Listed entries:
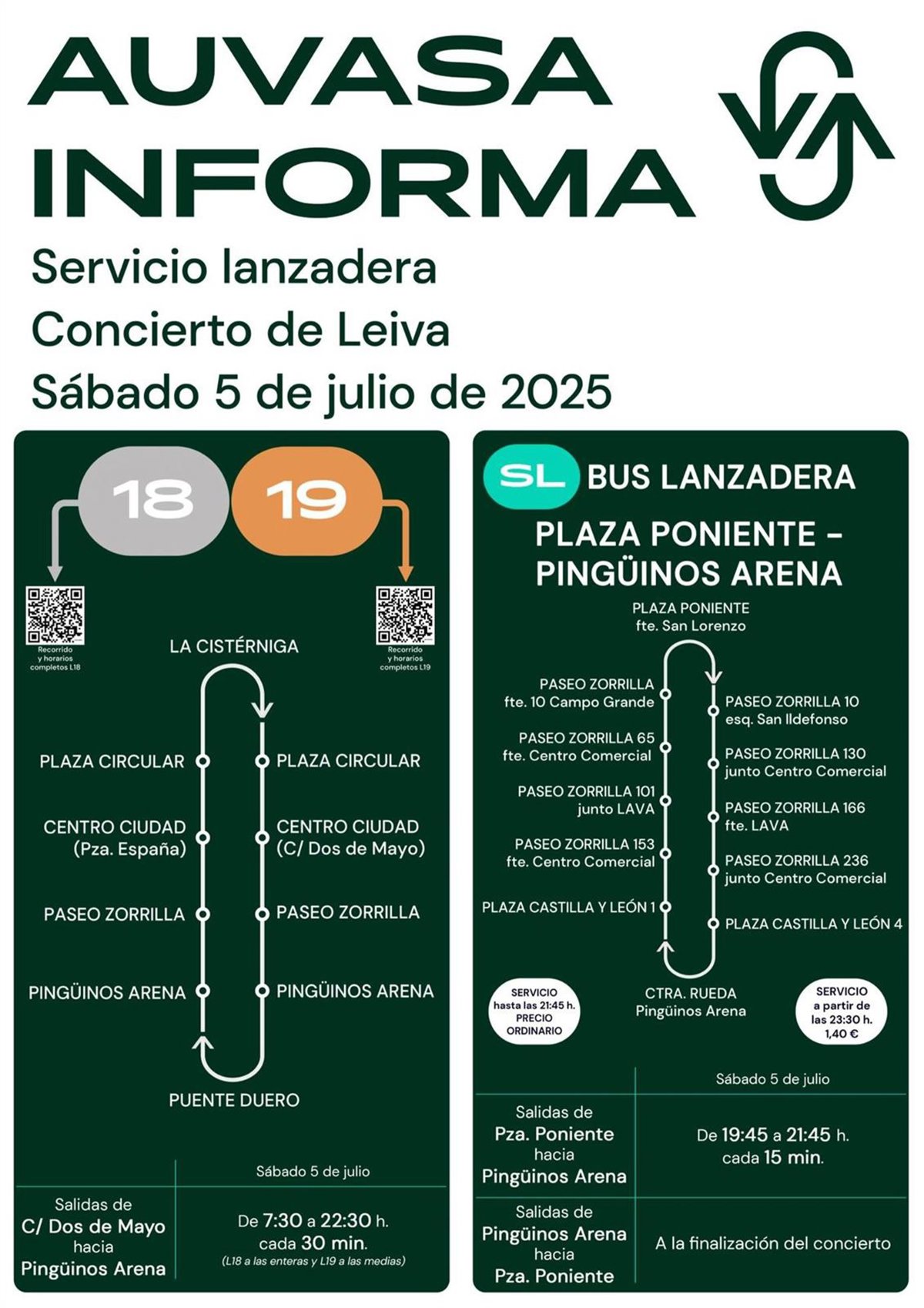 La empresa de transportes Auvasa prestará el servicio lanzadera por el concierto de LEIVA, que tendrá lugar en el Pingüinos Arena el 5 de julio, con el objetivo de que todas las personas puedan acudir al evento de una forma cómoda y en transporte público.
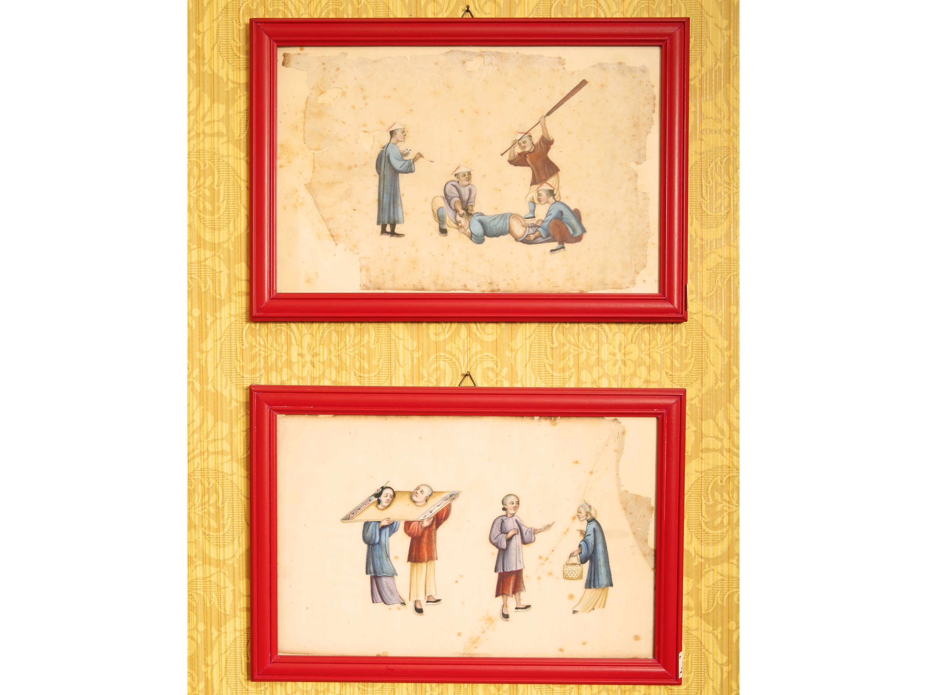 Cina, fine del XIX secolo due dipinti a tempera su seta, difetti, in cornice
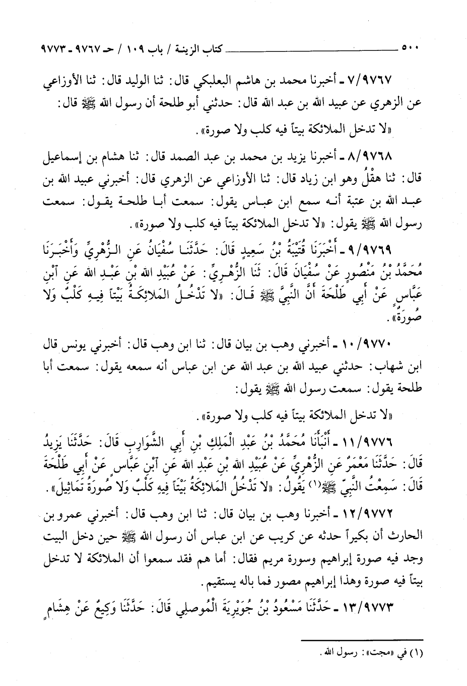 9767 - أخبرنا محمد بن هاشم البعلبكي قال ثنا الوليد قال ثنا الأوزاعي عن الزهري عن عبيد الله بن عبد الله قال حدثني أبو طلحة أن رسول الله صلى الله عليه و سلم قال : لا تدخل الملائكة بيتا فيه كلب ولا صورة
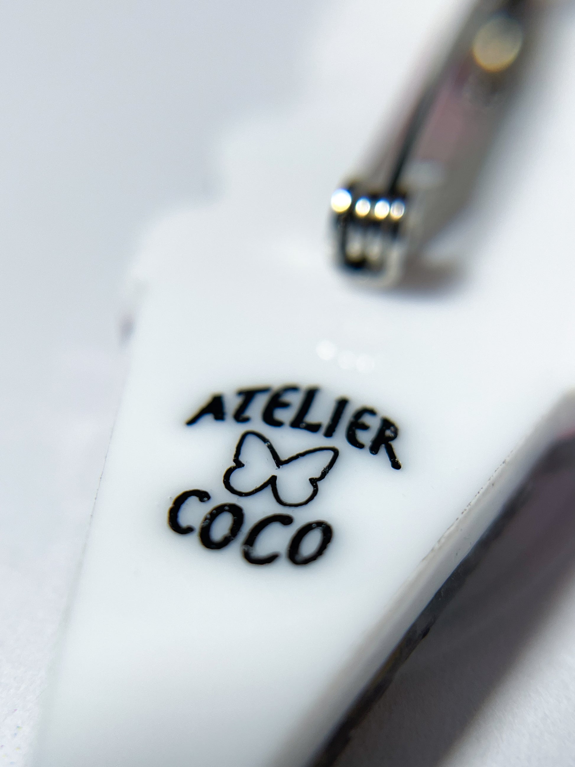 Original design by a Japanese accessory artist Coco and each brooch has the "ATELIER COCO" logo on the back.
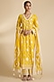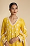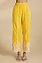 Featuring a yellow straight kurta in chanderi and muslin base with chikankari embroidery. It is paired with linen pants and a malai chanderi lacework dupatta. Accentuate it with dangler earrings and heels for a festive occasion or haldi ceremony.

Task details:
Reproduce the records word for word, please, from their first line up to and including the line that contains "Original design by", but no pictures.

Problem solution:
 La empresa de transportes Auvasa prestará el servicio lanzadera por el concierto de LEIVA, que tendrá lugar en el Pingüinos Arena el 5 de julio, con el objetivo de que todas las personas puedan acudir al evento de una forma cómoda y en transporte público.
 Cina, fine del XIX secolo due dipinti a tempera su seta, difetti, in cornice
 9767 - أخبرنا محمد بن هاشم البعلبكي قال ثنا الوليد قال ثنا الأوزاعي عن الزهري عن عبيد الله بن عبد الله قال حدثني أبو طلحة أن رسول الله صلى الله عليه و سلم قال : لا تدخل الملائكة بيتا فيه كلب ولا صورة
 Original design by a Japanese accessory artist Coco and each brooch has the "ATELIER COCO" logo on the back.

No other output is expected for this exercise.